### Source data
..............................
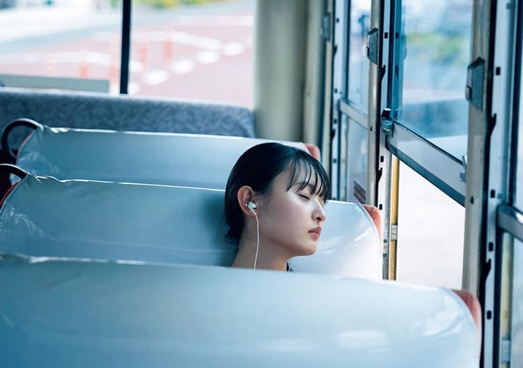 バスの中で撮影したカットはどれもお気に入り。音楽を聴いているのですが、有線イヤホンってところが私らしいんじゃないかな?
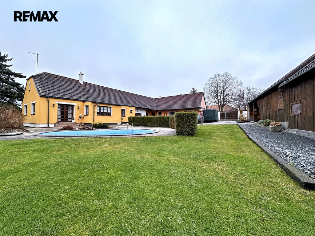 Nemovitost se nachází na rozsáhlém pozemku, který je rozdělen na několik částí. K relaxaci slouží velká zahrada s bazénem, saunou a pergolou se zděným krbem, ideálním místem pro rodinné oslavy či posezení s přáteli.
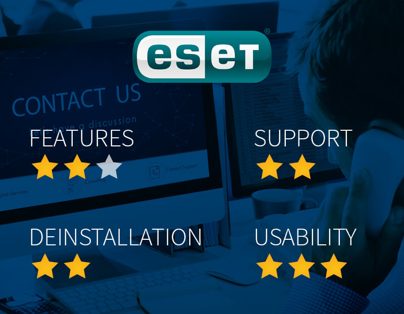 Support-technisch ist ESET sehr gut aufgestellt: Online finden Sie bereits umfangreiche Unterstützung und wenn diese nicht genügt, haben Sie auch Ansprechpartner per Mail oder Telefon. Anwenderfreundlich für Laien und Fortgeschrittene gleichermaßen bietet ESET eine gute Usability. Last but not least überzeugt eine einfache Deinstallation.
..............................
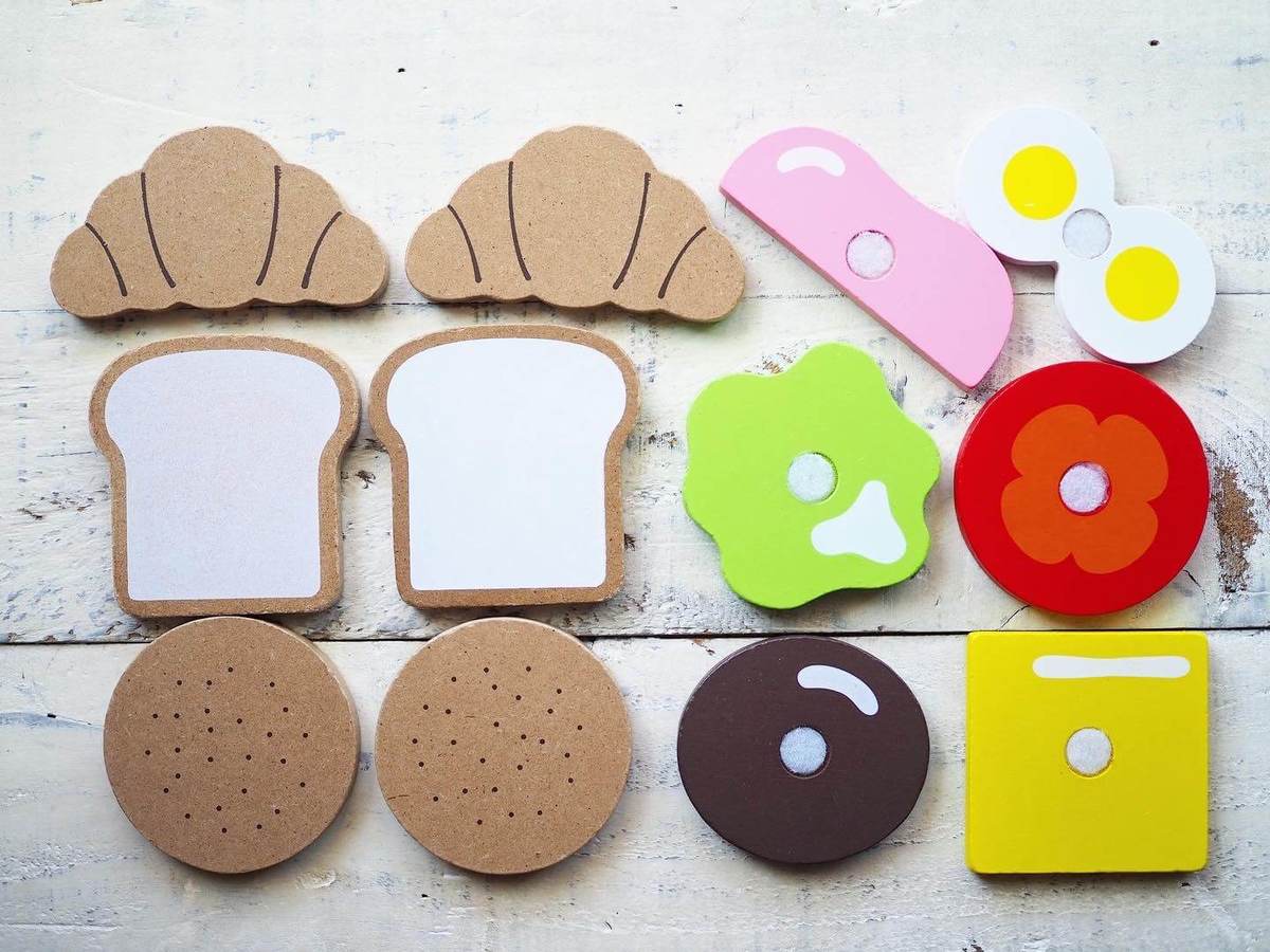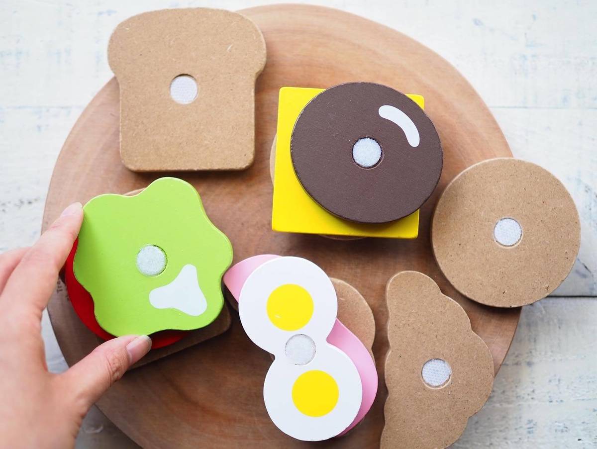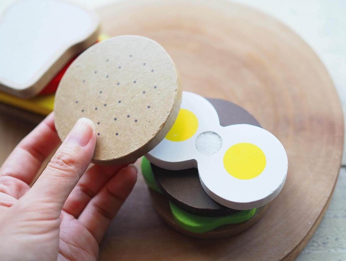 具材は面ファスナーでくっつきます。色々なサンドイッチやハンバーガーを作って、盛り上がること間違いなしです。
..............................
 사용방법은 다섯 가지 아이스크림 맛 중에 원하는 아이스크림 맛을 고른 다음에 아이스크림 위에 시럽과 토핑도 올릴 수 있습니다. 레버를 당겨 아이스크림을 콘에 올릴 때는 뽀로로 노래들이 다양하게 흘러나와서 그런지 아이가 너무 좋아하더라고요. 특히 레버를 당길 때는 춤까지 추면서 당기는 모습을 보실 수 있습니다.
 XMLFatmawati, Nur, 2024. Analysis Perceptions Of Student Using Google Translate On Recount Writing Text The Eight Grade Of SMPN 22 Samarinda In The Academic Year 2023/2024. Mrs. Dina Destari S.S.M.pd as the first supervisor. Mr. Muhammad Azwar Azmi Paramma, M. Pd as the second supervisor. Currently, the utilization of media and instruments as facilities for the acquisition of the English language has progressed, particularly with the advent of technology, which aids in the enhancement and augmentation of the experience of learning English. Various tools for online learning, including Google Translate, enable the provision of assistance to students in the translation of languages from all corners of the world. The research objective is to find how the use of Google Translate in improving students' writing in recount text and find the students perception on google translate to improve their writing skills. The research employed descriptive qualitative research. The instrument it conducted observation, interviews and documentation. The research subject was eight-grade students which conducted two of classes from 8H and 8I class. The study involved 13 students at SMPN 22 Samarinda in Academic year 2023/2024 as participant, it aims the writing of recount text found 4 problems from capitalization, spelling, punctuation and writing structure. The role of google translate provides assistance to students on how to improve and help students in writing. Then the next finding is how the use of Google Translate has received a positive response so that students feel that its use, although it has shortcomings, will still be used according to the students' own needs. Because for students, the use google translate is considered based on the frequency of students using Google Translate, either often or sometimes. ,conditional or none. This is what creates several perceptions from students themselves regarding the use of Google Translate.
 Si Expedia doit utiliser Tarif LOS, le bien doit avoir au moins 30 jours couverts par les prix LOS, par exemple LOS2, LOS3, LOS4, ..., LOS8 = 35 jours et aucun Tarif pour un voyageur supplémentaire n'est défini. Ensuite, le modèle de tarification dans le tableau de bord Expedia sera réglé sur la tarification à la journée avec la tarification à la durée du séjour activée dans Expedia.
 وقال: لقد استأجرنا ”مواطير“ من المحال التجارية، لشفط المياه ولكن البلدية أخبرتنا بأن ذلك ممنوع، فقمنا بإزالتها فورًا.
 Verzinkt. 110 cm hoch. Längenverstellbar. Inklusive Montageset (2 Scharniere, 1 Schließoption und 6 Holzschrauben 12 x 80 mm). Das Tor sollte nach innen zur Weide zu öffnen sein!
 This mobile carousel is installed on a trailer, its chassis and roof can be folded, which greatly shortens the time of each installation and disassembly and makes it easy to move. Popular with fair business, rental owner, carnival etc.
..............................
### Exercise prompt
With the pictures removed, print only the lines starting at the line that has "バスの中で撮影したカットはど" and ending at the line that has "Support-technisch ist ESET", both ends included, exactly as they stand above.

### Solution to the exercise
 バスの中で撮影したカットはどれもお気に入り。音楽を聴いているのですが、有線イヤホンってところが私らしいんじゃないかな?
 Nemovitost se nachází na rozsáhlém pozemku, který je rozdělen na několik částí. K relaxaci slouží velká zahrada s bazénem, saunou a pergolou se zděným krbem, ideálním místem pro rodinné oslavy či posezení s přáteli.
 Support-technisch ist ESET sehr gut aufgestellt: Online finden Sie bereits umfangreiche Unterstützung und wenn diese nicht genügt, haben Sie auch Ansprechpartner per Mail oder Telefon. Anwenderfreundlich für Laien und Fortgeschrittene gleichermaßen bietet ESET eine gute Usability. Last but not least überzeugt eine einfache Deinstallation.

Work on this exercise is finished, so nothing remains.